TTX, D-AP5, and CNQX were obtained from Abcam. Purified lipids used for reconstitution were obtained from Avanti Polar Lipids. Cell culture reagents were supplied by GIBCO and Atlanta Biological. Unless otherwise noted, other chemical reagents were obtained from Sigma.

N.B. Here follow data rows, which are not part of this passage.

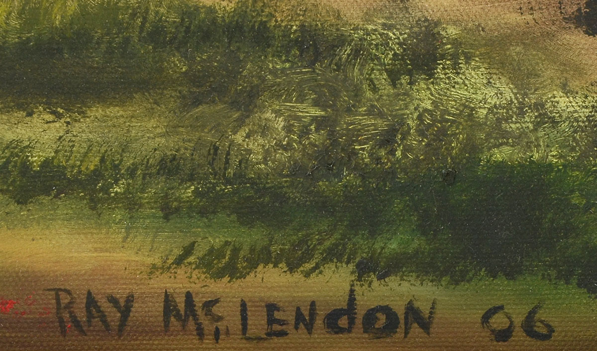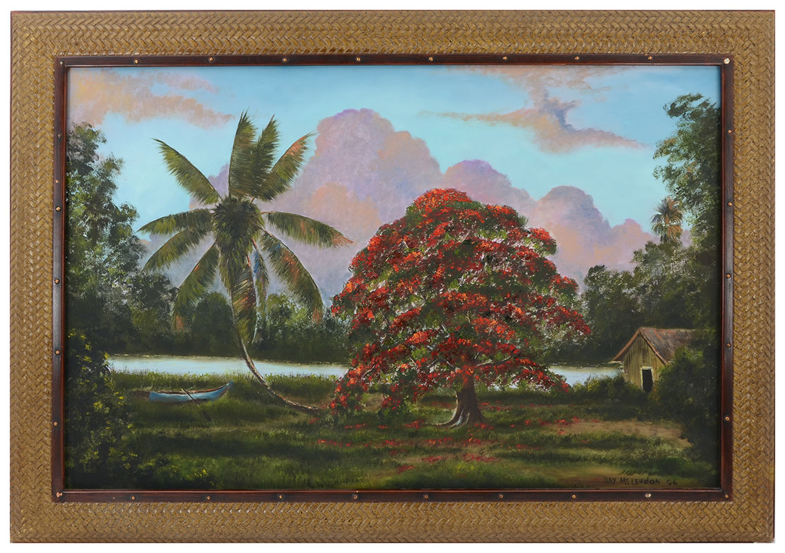 MCLENDON, Ray, (American, 21st Century): 2nd generation Florida Highwaymen Royal Poinciana by river with shack and boat, Oil/Canvas, signed lower right, 24 '' x 36'', framed 30 1/4'' x 42 1/4''.
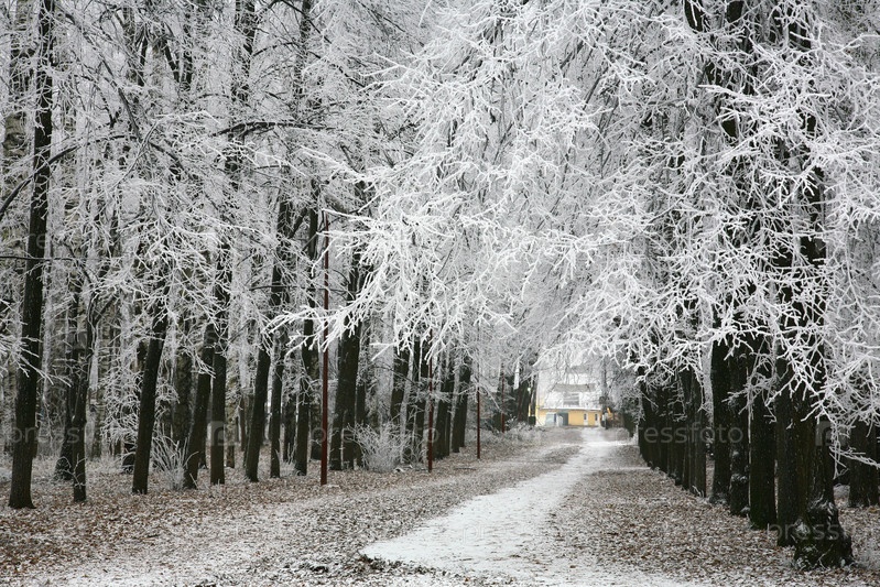 Заснеженные деревья в осеннем городском парке
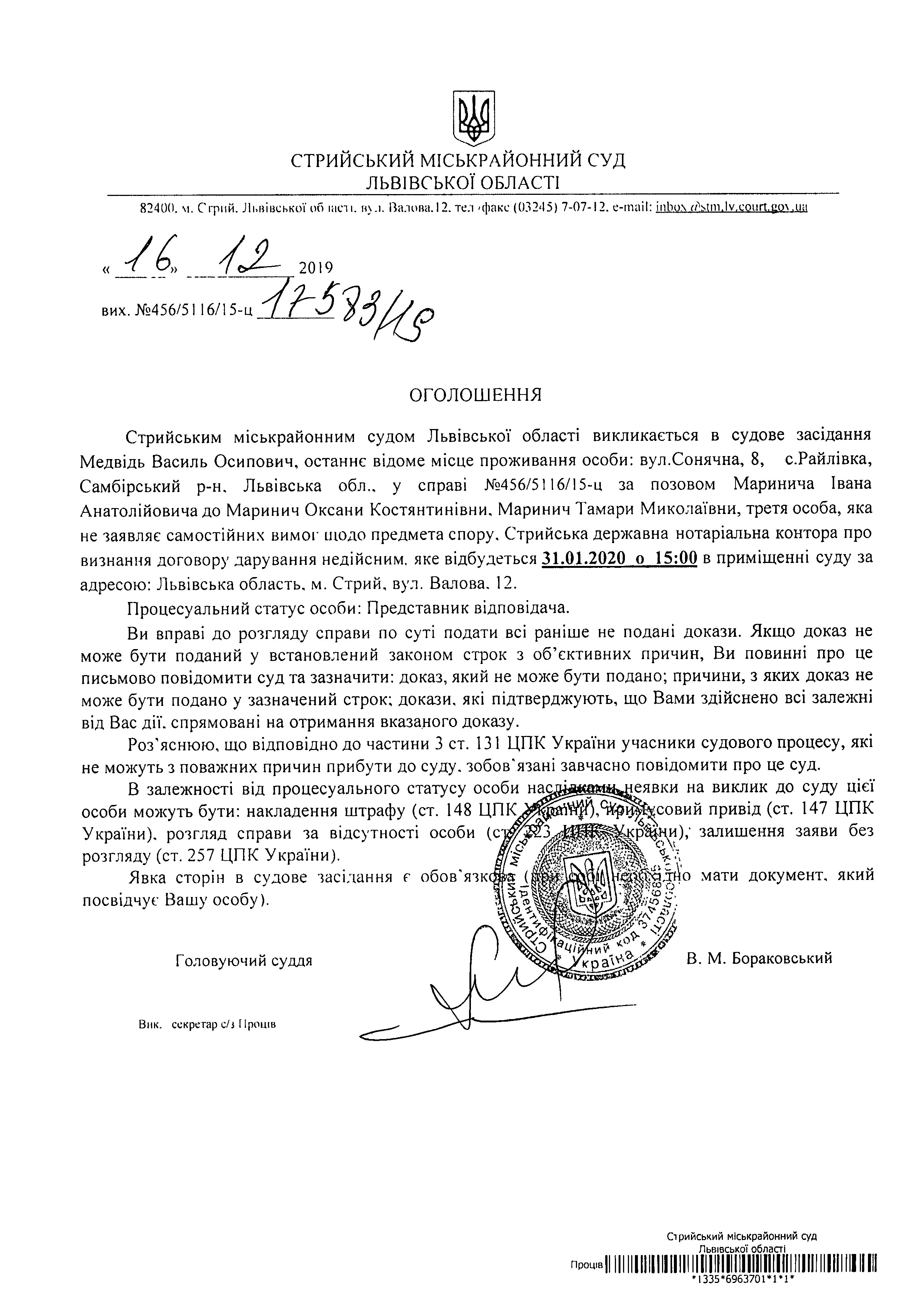 Про виклик Медвідь В.О.

Quantification and statistical analysis

Values are reported as mean ± standard error of the mean (SEM). Graphically, bars represent the mean and error bars indicate the SEM. For electrophysiological experiments, each n represents a single recorded neuron and n’s were obtained from at least three separate animal preparations. All data were tested for normality; the appropriate statistical test was applied based on whether or not the data was normally distributed. All statistical tests were two-sided. Expected sample sizes were not estimated or predetermined. All statistical analysis was conducted using GraphPad Prism 7.01 (GraphPad Software).

Reporting summary

Further information on research design is available in the Nature Research Reporting Summary linked to this article.